Assigning integrations to agents
Skill and integration assignment is managed from the Agents tab, not from the Skills view:
- Open the Agents tab in the sidebar
- Select an agent (e.g. your Marketing Agent)
- Go to the agent’s Skills sub-tab
- Enable or disable individual skills and integrations for that agent
- Only enabled items are injected into that agent’s prompt
Installing Integrations
From PawzHub (In-App)
- Open the Skills tab in the sidebar
- Search or browse the PawzHub catalog
- Click Install on any integration (look for the 🟣 purple badge)

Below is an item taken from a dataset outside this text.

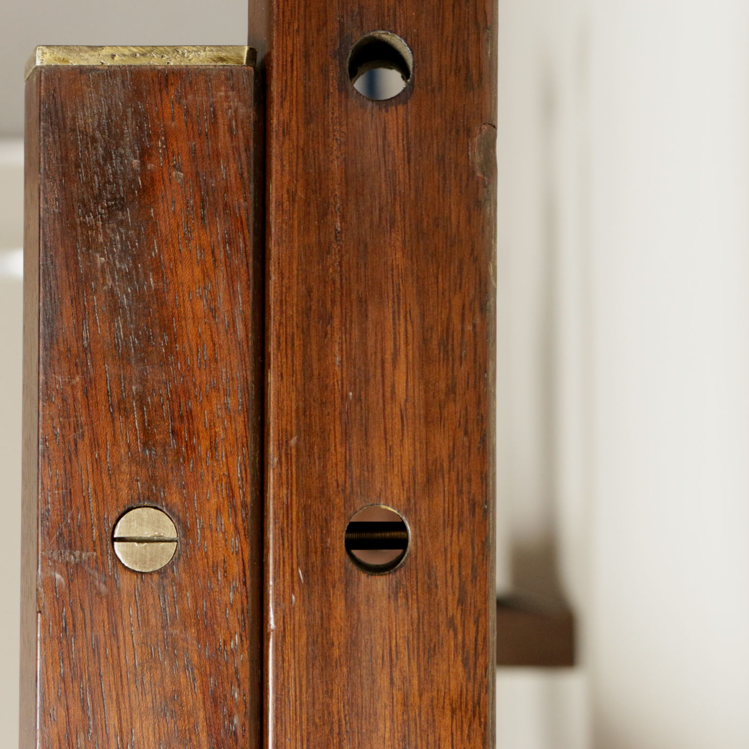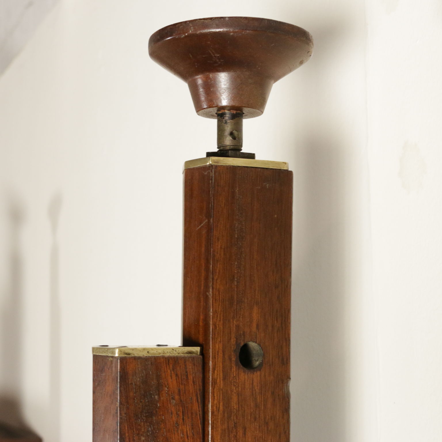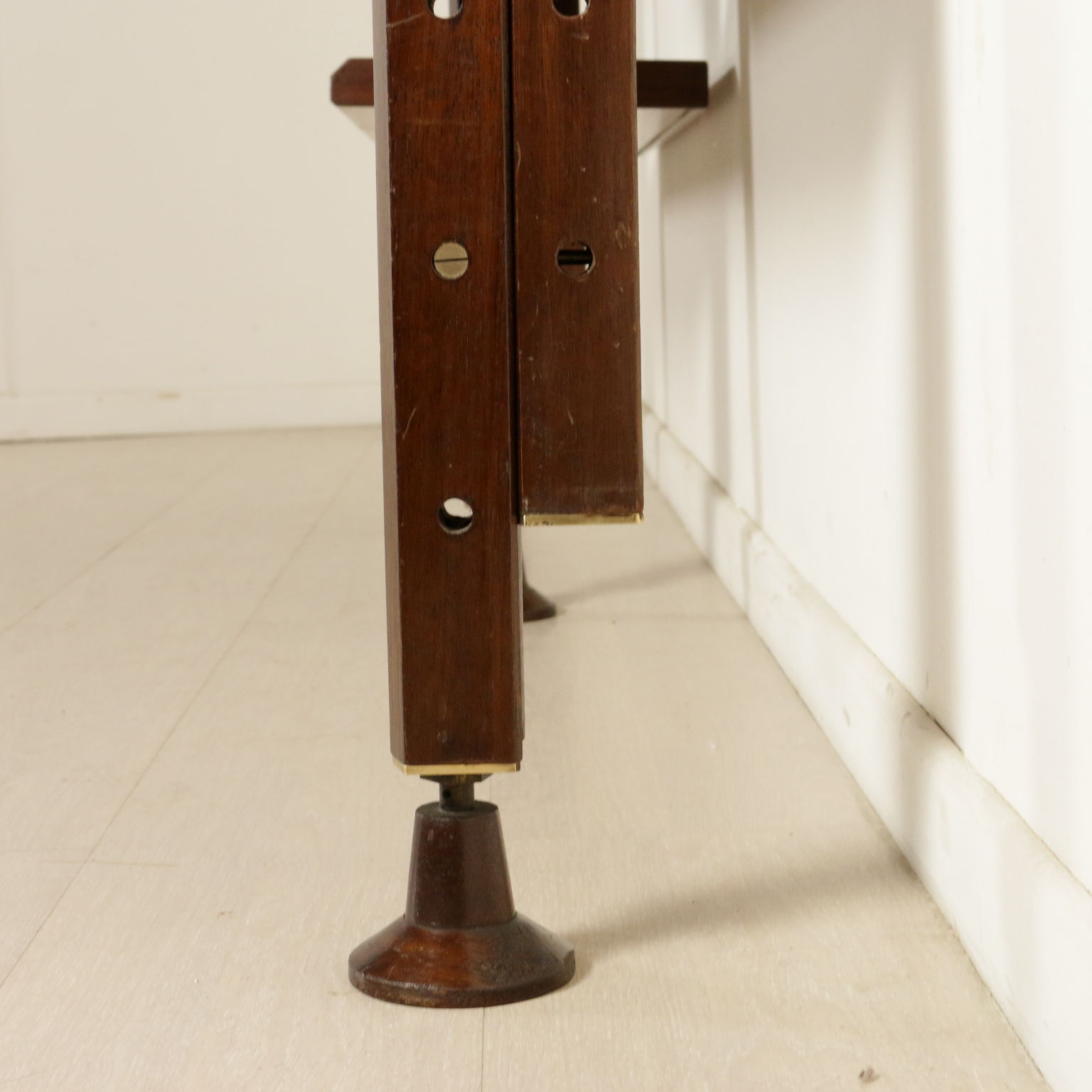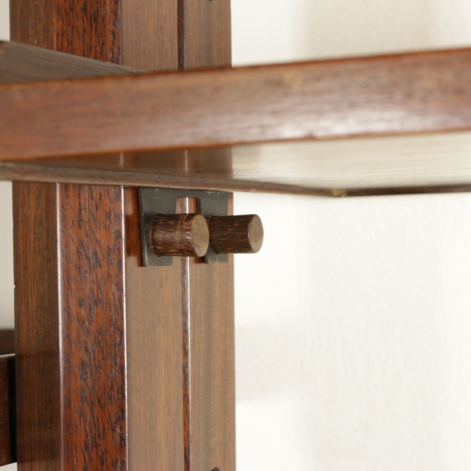 Libreria a soffitto con ripiani regolabili e montanti estensibili. Legno impiallacciato mogano e montanti in palissandro.

- Configure credentials in the auto-generated form
- Assign to agents via Agents → [agent] → Skills
Manual Install
Place a pawz-skill.toml file in the skills directory:
~/.paw/skills/{skill-id}/pawz-skill.toml
For example:
~/.paw/skills/notion/pawz-skill.toml
~/.paw/skills/linear/pawz-skill.toml
~/.paw/skills/stripe/pawz-skill.toml
Pawz hot-reloads the skill directory — the integration appears in the Skills tab with a purple “Integration” badge.
Uninstalling
TOML Skills: Click Uninstall in the Skills tab. This removes the skill folder from ~/.paw/skills/, cleans up stored credentials, and removes enabled state.
Community Packages (n8n): In the Community Browser’s Installed tab, click the delete icon on any package. Paw runs npm uninstall in the n8n data directory, restarts the engine, and refreshes the MCP bridge so stale tools are removed. A spinning “Removing…” indicator shows progress.
Creating Integrations
In-App Wizard
The Create Skill wizard in the Skills tab walks you through building an integration without writing TOML by hand:
- Basic Info — name, category, icon, description
- Credentials — add API key fields with labels and placeholders
- Instructions — write or paste agent instructions (templates available for REST APIs, CLI tools, and web scrapers)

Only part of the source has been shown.